Zulip Chat Archive

Stream: lean4

Topic: Lean 4 variable command discussion


Floris van Doorn (Jul 18 2023 at 10:42):

There are quite some people that have expressed problems with the new variable command. Some complaints I've heard:

  1. The goal view shows variables that aren't actually relevant for this declaration, which clutters the goal state.
  2. It is not predictable what variables end up being included in a declaration (refactoring a proof might change it).
  3. variable (x : Nat) in def ... doesn't actually force x to be included in the declaration.
  4. Variables are elaborated again for every declaration, which can be a performance issue and cause the variables to elaborate to different expressions in different declarations.
  5. It is not easy to see at a glance what the statement of a theorem is (what variables ended up included)
  6. There are large ugly variable declarations at the top of some files.
  7. It conflicts with potential features like parallel compilation of proofs or a mode where you don't execute proof scripts.

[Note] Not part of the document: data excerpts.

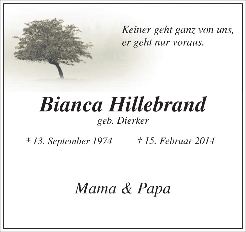 Hier finden Sie alle Traueranzeigen aus der Zeitung, die bisher für Bianca Hillebrand erschienen sind. Weitere Traueranzeigen, die in der Zeitung erscheinen, werden hier ebenfalls aufgelistet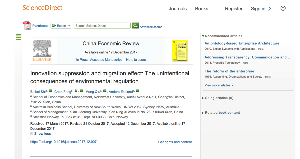 近日,永利集团官网2016级博士生史贝贝、永利集团官网2015届本科毕业生冯晨、仇萌,以及挪威国家统计局高级经济师Anders Ekeland先生的合著论文被研究中国问题的知名SSCI检索期刊《China Economic Review》接收并在线发表:https://doi.org/10.1016/j.chieco.2017.12.007。CER的五年综合影响因子为2.008。
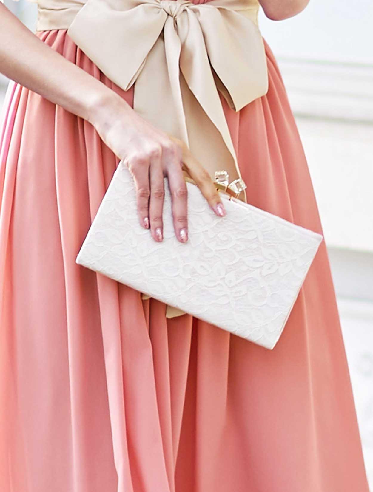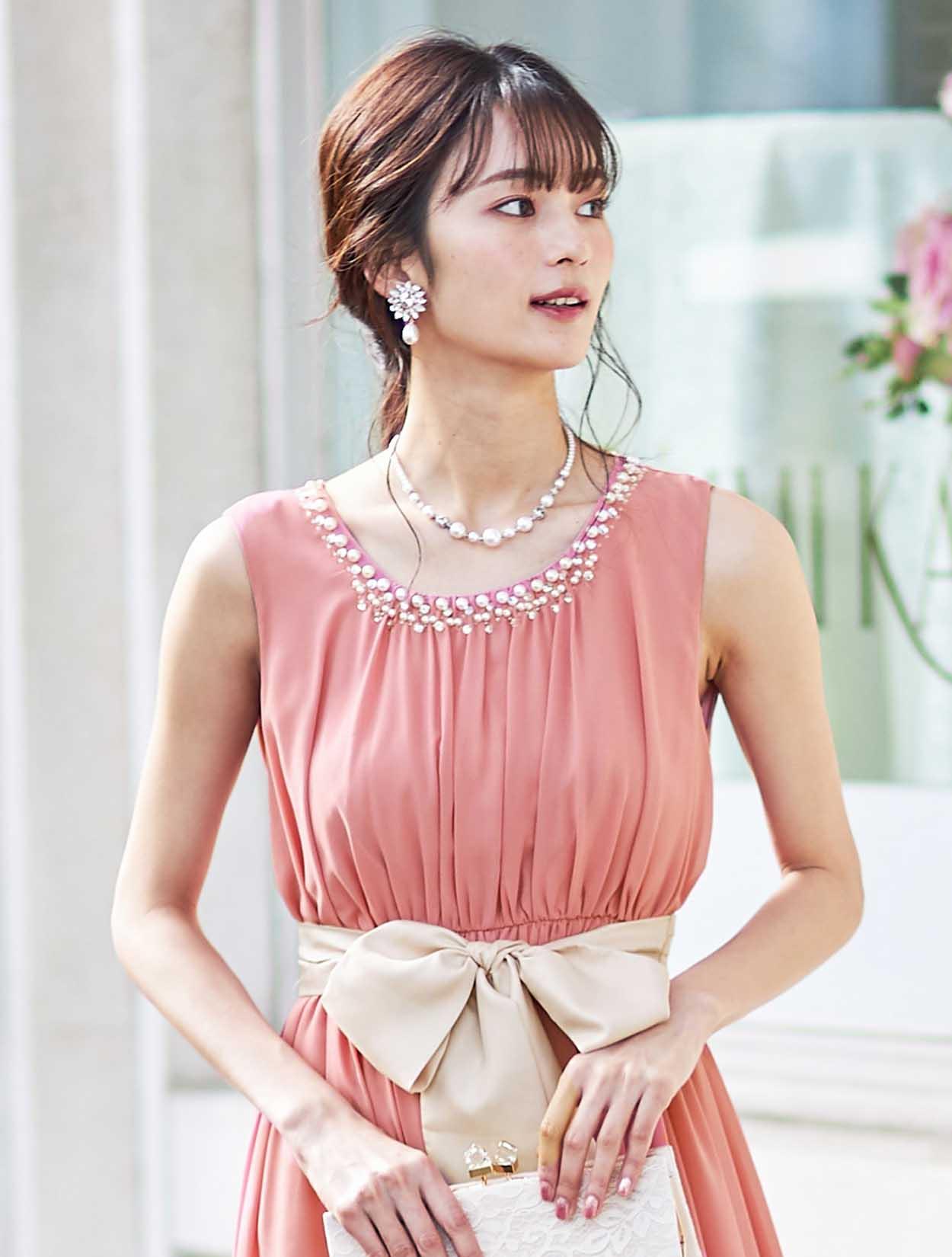 ※レースが使われているドレスは、アクセサリーやバッグのチェーンなど、引っかからない様ご注意ください。肩部分がレースのドレスは、バッグの肩掛けはご遠慮下さい。レースは繊細な素材なので、破れや傷みの原因になります。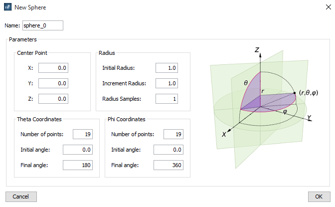 - Center Point X, Y and Z coordinates where the sphere will be centered on.
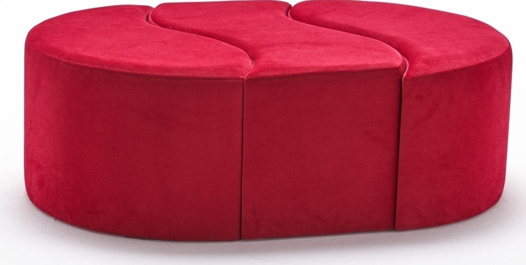 Sittpuff av trä. Klädsel av polyester och sammet.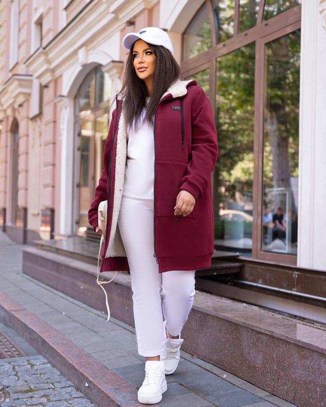 Новина!!! удлиненная куртка с капюшоном на меху овчина: карманы кенгуру Модель: 530 РазмIры : 46-48,50-52,54-56, Тканина: тринитка на флIсi на хутрi овчина: Цвета: хаки,бутылка,фиолетовый,пудра, бордо, молочный: Параметри куртки: 46-48: ог: 122 см, длина 92 см, длина рукава уIд горловины 77 см 50-52; ог:128 см, длина 93 см, длина рукава уIд горловины 78 см 54-56: ог:134 см, длина 94 см, длина рукава уIд горловины 79 см Ткань хорошо тянется! все размеры в имеющихся в наличииостI!
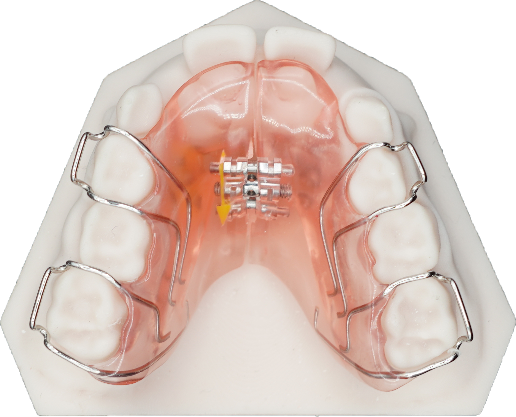 The Upper Lateral Growth Plate appliance consists of an acrylic plate with a midline expansion screw covering the palate. It is attached to the upper jaw with Adam and/or ball ended clasps.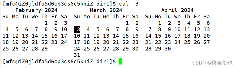 使用cal -3显示附近3个月日历: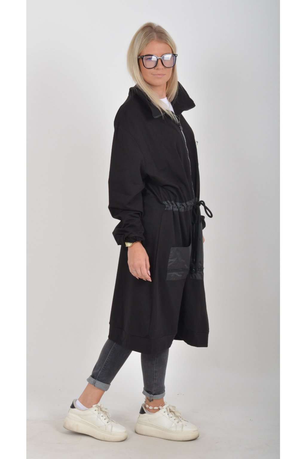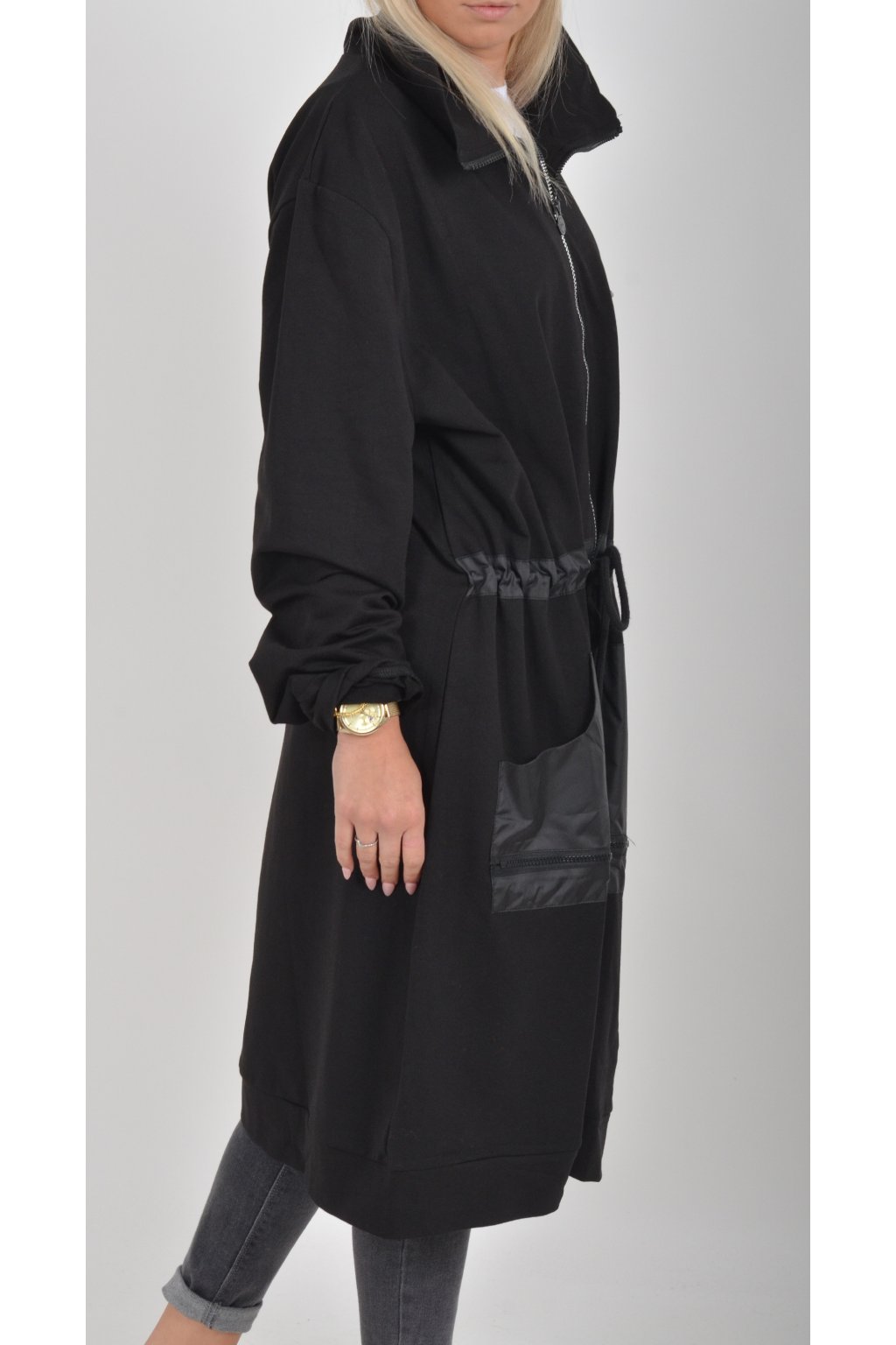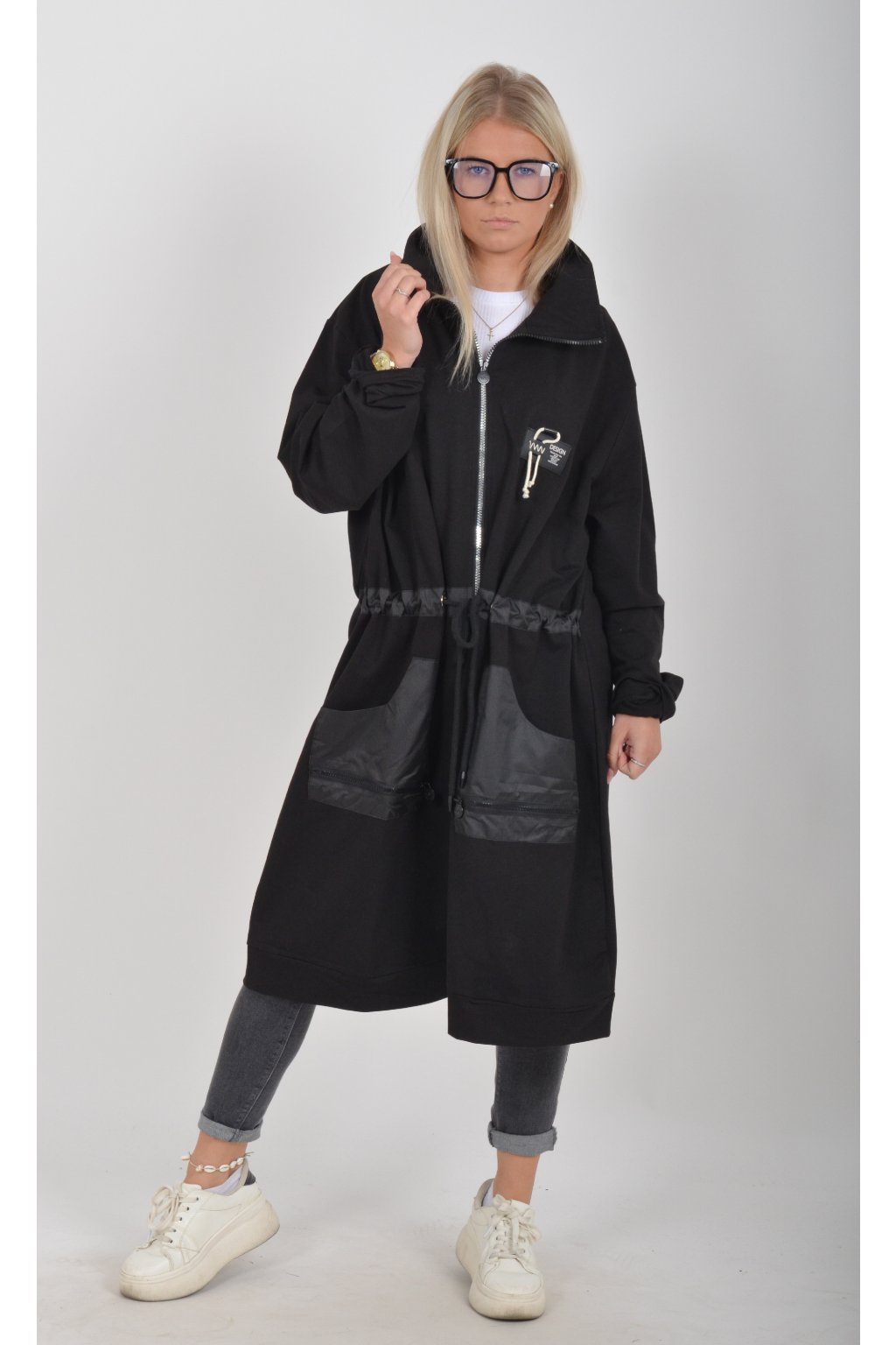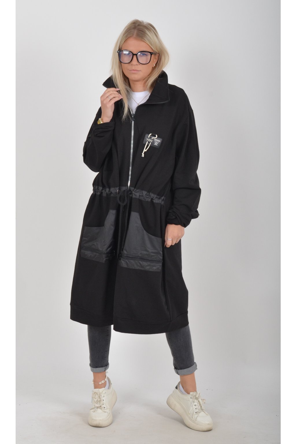 Dlouhá mikinová bunda lehce áčkového střihu se zapínáním na zip. V pase je zapracovaná šňůrka pro libovolné stažená. V přední části má kapsy, které jsou ze šusťákoviny. Je vyrobena z velice příjemné a kvalitní turecké bavlny.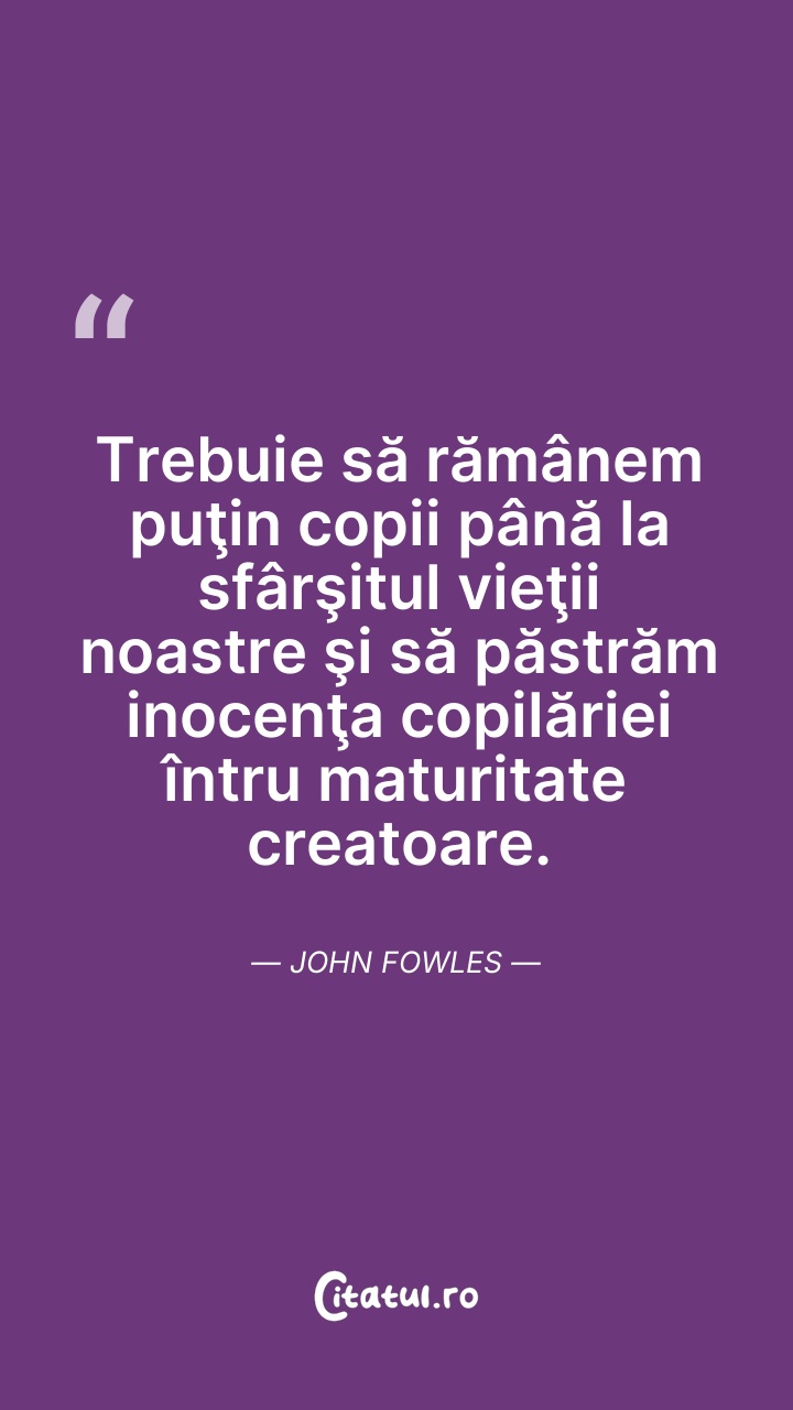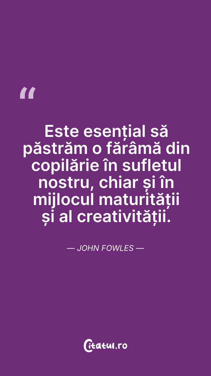 Este esențial să păstrăm o fărâmă din copilăr ... Citește tot citatul >

5 and 6 were already problems in Lean 3 (5 improved a bit, since you can mouse-over the declaration name in Lean 4 to see the statement).
2 was somewhat already a problem in Lean 3, but much more so in Lean 4.

Floris van Doorn (Jul 18 2023 at 10:43):

I believe many Mathlib4 users prefer the Lean 3 variable command over the Lean 4 one, acknowledging that the Lean 3 variable command also had issues.

Floris van Doorn (Jul 18 2023 at 10:44):

Should we go back to the Lean 3 variable command? Can we make the variable command better than either Lean 3 or the current version in Lean 4?

Oliver Nash (Jul 18 2023 at 10:51):

At least for now, I still prefer the Lean 3 behaviour.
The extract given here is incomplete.